Experimenting with Linear Regression and Gradient Descent
In the Jupyter Notebook, each block of code is referred to as a 'code cell' or just 'cell'.
To execute simple_linear_regression_notebook.ipynb, do the following:
- Download the notebook and the corresponding dataset (Linear Regression - Sheet1.csv), and store them in the same directory.
- Open the .ipynb file in Jupyter notebook
- Change the value of 'filename' variable (in the second code cell) to 'Linear Regression - Sheet1.csv'. (Don't need to keep the entire file path, if the csv file is in the same directory as the notebook.)
- Remove the first cell that lists files in the '/kaggle/input' directory. (Not needed)
- Start running the code from the next cell onwards (i.e., from the cell that reads the input data and visualizes it with a scatter plot), until the cell where the cost curve is being plotted. Run that cell and observe the cost curve.
- Find the value of epoch for which the cost is the lowest. Then, below that graph; the parameters obtained at the end of each epoch are listed. For example, if the epoch number is 40, then below the graph, you'll see the following: 40: [0.004081464062096033, 0.6729699403269718]

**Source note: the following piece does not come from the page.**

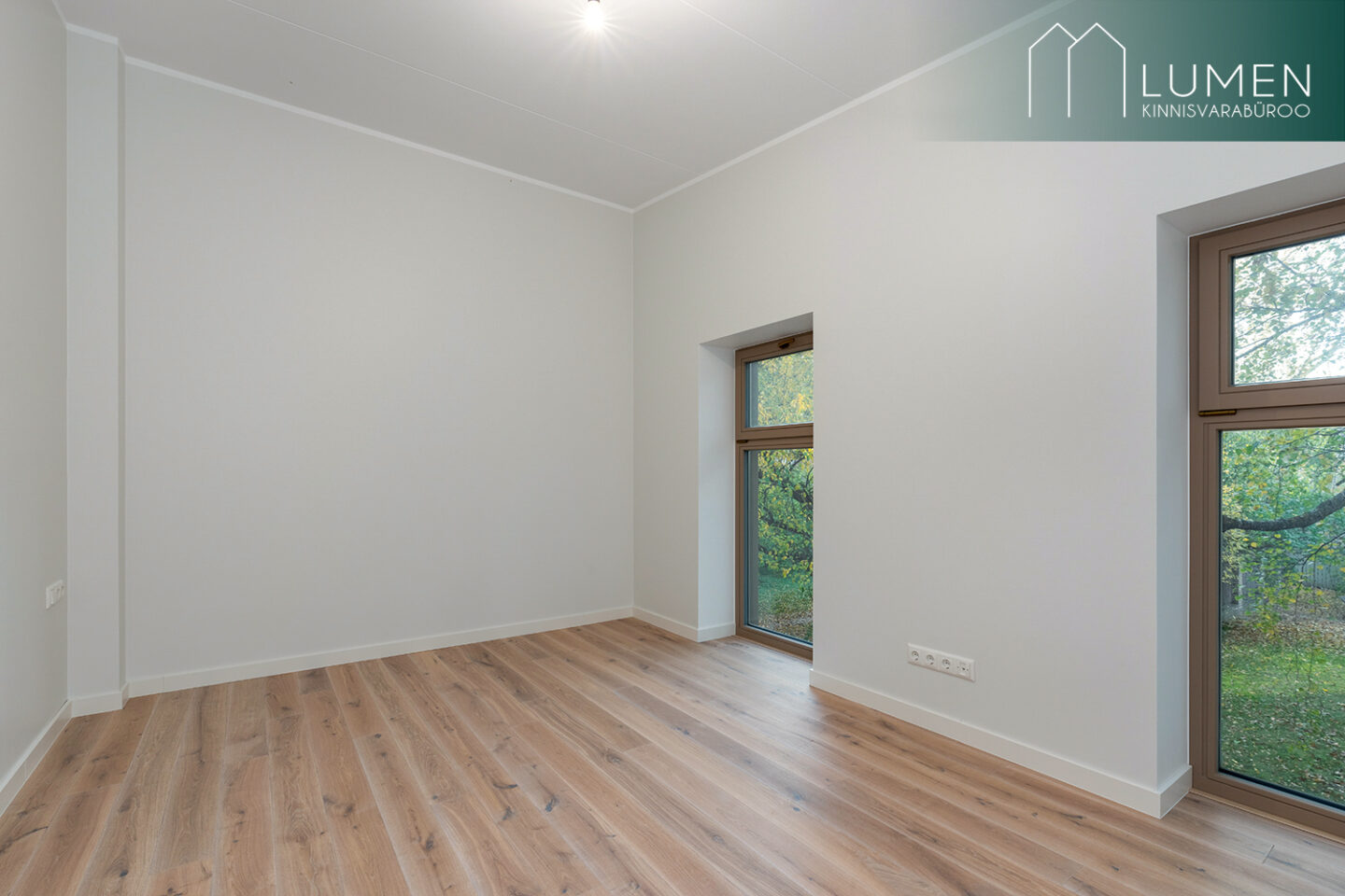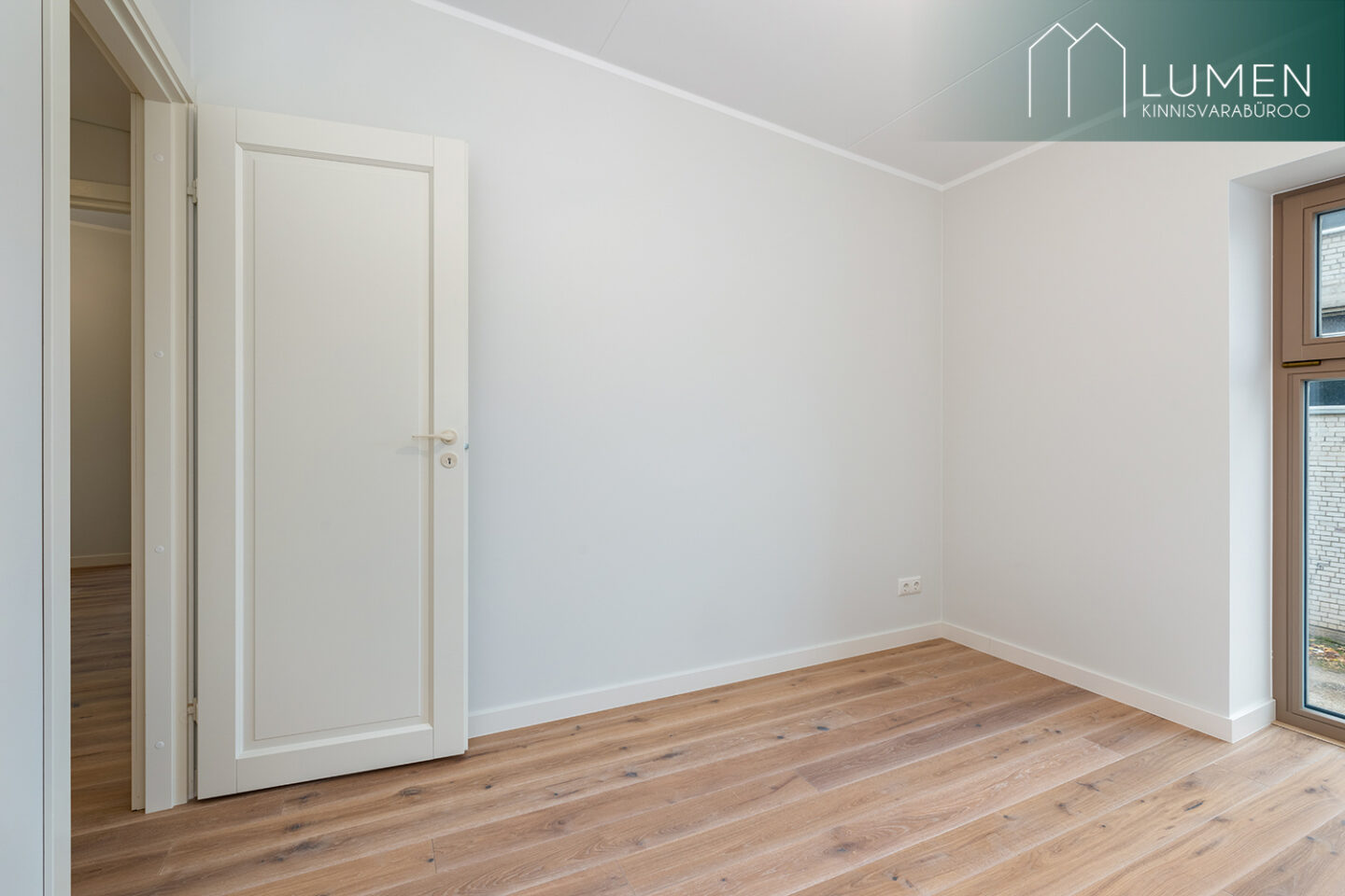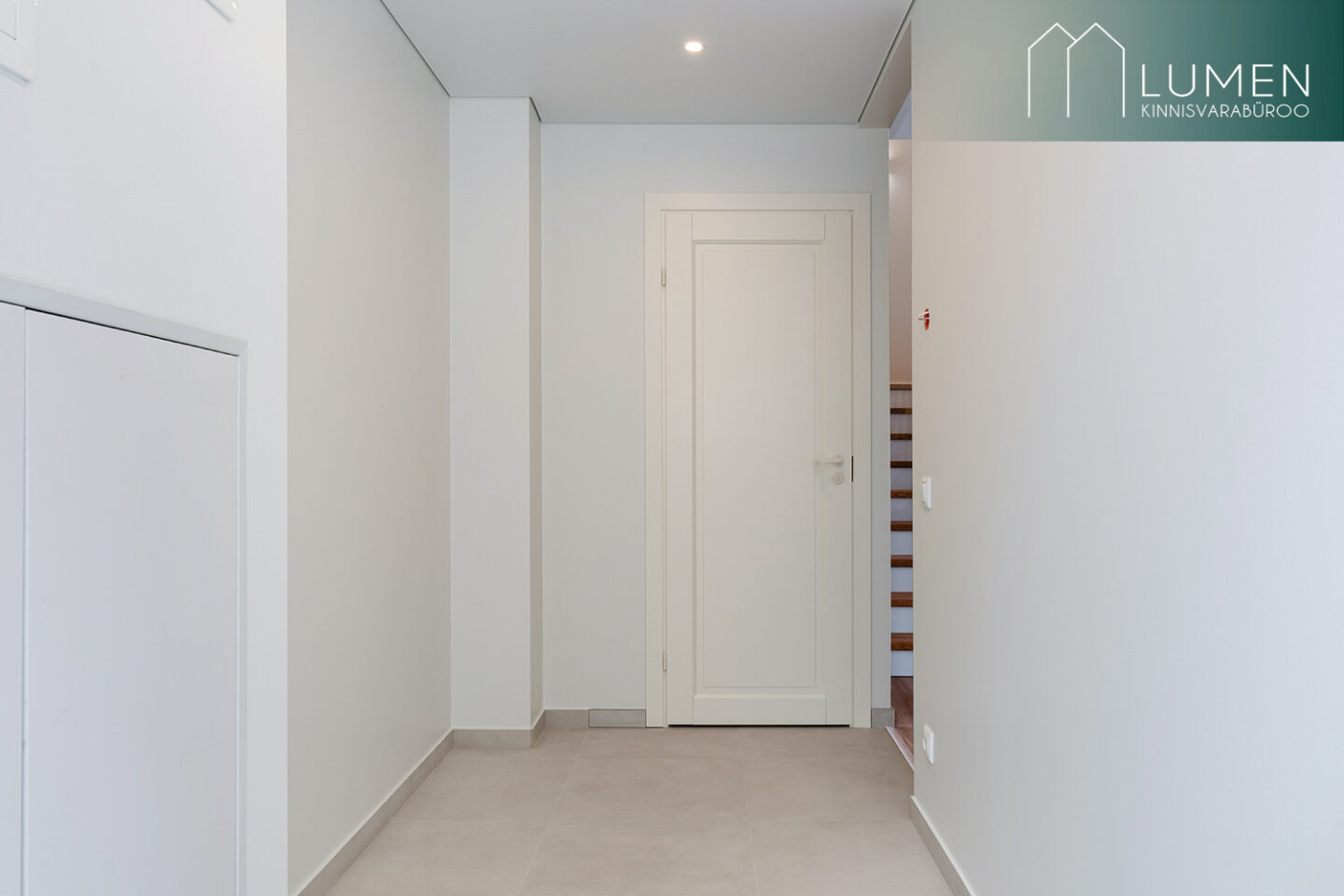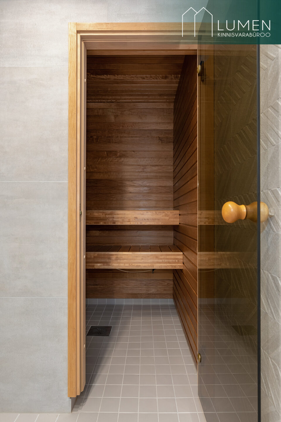 Ruumide siseviimistluses on kasutatud soojasid ja heledaid värvitoone, mis loovad mõnusa ja hubase kodutunde. Põrandaid katab kvaliteetne naturaalparkett. Tube eraldavad puidust kvaliteetsed uksed. Sanitaarruumidesse on paigaldatud keraamilised plaadid ja kvaliteetne sanitaartehnika. Saunaruum on viimistletud termotöödeldud puitlaudisega ning paigaldatud elektrikeris.

- Copy the list of parameters i.e., [0.004081464062096033, 0.6729699403269718] (in this example) (Note: You should copy the parameters for the corresponding epoch, at which the value of cost is the lowest)
- Then, paste it in the 'parameters1=' line on the two cells below it (don't paste it in the same cell from whose output you copied!).
- Run the two cells below the cost curve, to see the graphs of performance against validation set and the entire dataset. If the graph is exactly like the way it is shown in the notebook here, your model fits the data perfectly.